Study material:
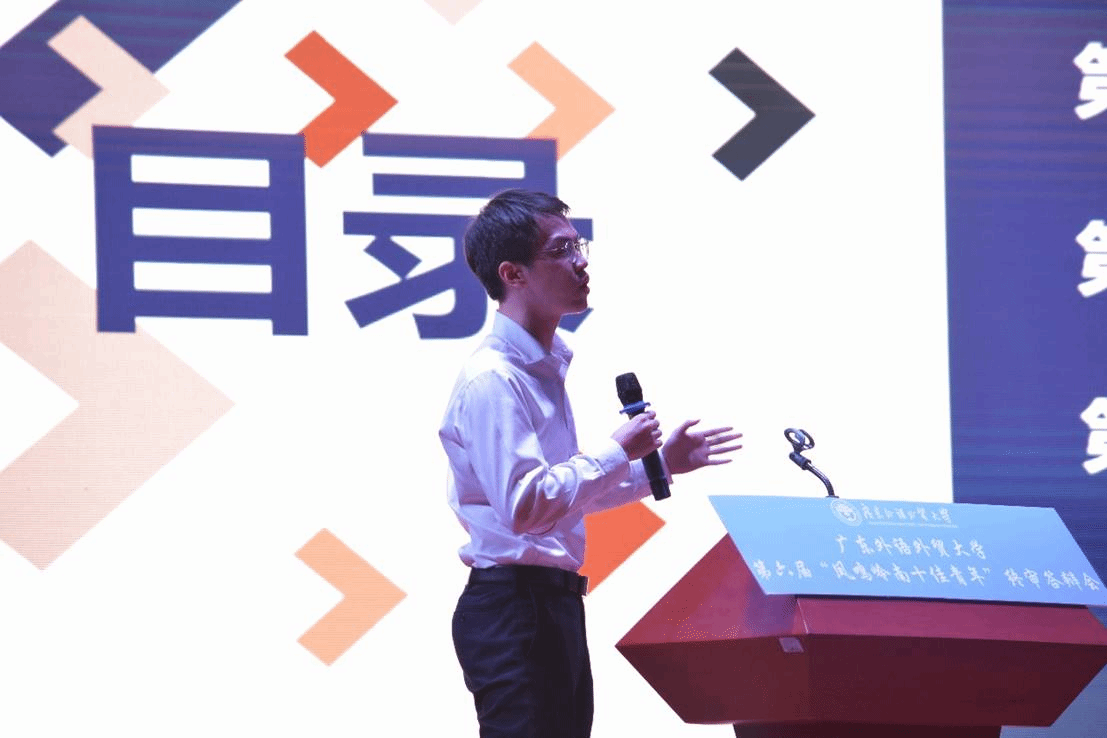 会末,组织部副部长刘郎老师对候选人的优秀品质与先进事迹表达了赞赏与鼓励,充分肯定了新时代青年的担当精神和家国情怀。他表示,候选人应该起到示范引领作用,激励更多学子加入到勇攀高峰、回报社会的行列中。此外,他对广大广外青年表达了“广闻博识、外柔内刚、青春向上、年少气盛”的期望。
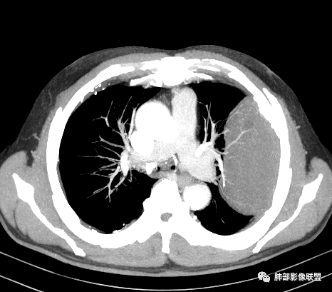 左肺紧贴胸膜巨大肿块,跨叶裂生长,密度均匀,边缘清晰,内支气管略扩张,增强见血管影,强化不明显,胸膜栽赃,钙化,考虑淋巴瘤。
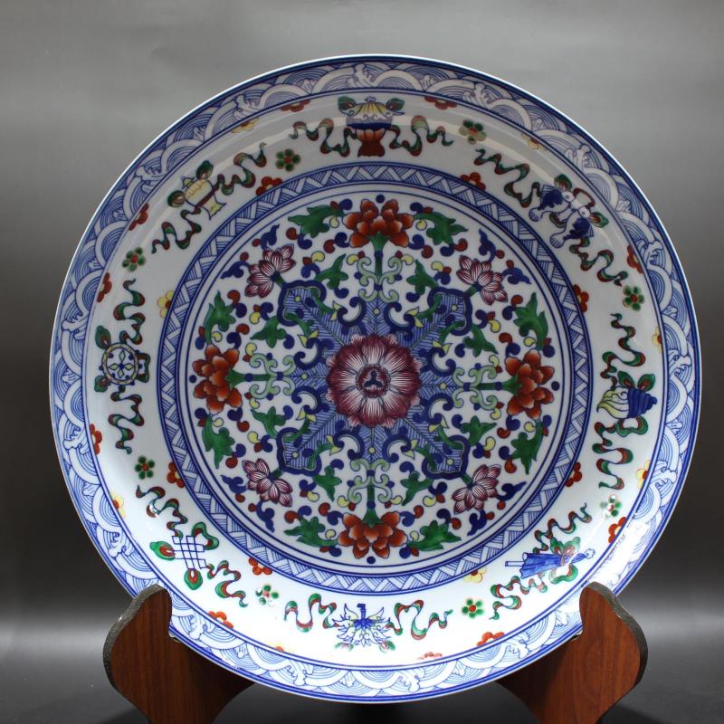 清雍正青花斗彩花紋八寶大盤 全手工精品家居仿古擺件瓷器收藏1入
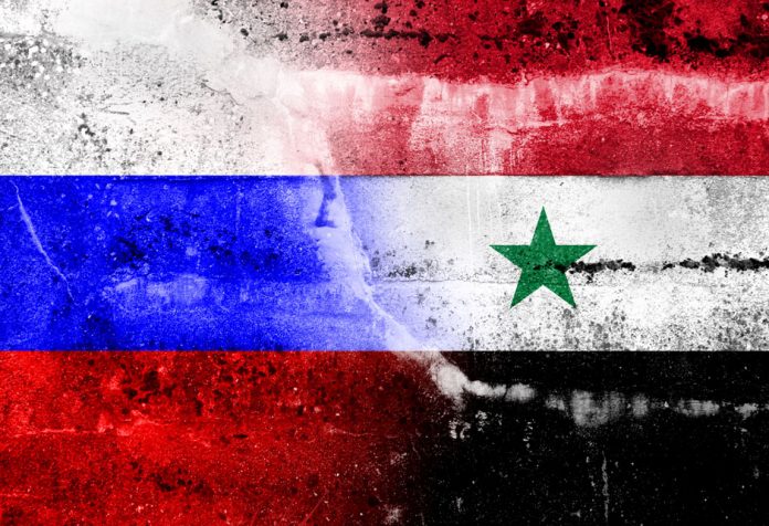 Russia and Syria Flag painted on grunge wall. Vintage and old look.
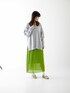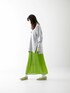 グリーンカラーが目を引くプリーツスカートです☺️✨ アイラインのすっきりシルエットなので、トップスはゆったりしたスキッパーニットを合わせました🎶 足元も程よく透け感があるので、これからの季節にぴったりな明るく軽い印象で合わせて頂けます😊
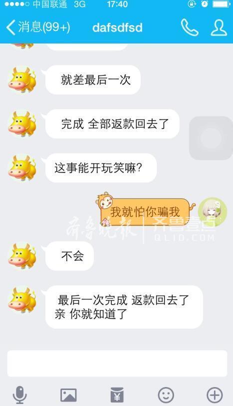 王女士和对方的QQ聊天记录。对方信誓旦旦地称自己不会骗人,最后完成就会返款回去。 记者 唐园园 摄

Exercise: Please output the lines of the records above from the one with "清雍正青花斗彩花紋八寶大盤 全手工精品家居仿古擺件瓷器收藏1入" through the last, exactly as they appear and with both ends included; skip any pictures and add nothing.

Task solution:
 清雍正青花斗彩花紋八寶大盤 全手工精品家居仿古擺件瓷器收藏1入
 Russia and Syria Flag painted on grunge wall. Vintage and old look.
 グリーンカラーが目を引くプリーツスカートです☺️✨ アイラインのすっきりシルエットなので、トップスはゆったりしたスキッパーニットを合わせました🎶 足元も程よく透け感があるので、これからの季節にぴったりな明るく軽い印象で合わせて頂けます😊
 王女士和对方的QQ聊天记录。对方信誓旦旦地称自己不会骗人,最后完成就会返款回去。 记者 唐园园 摄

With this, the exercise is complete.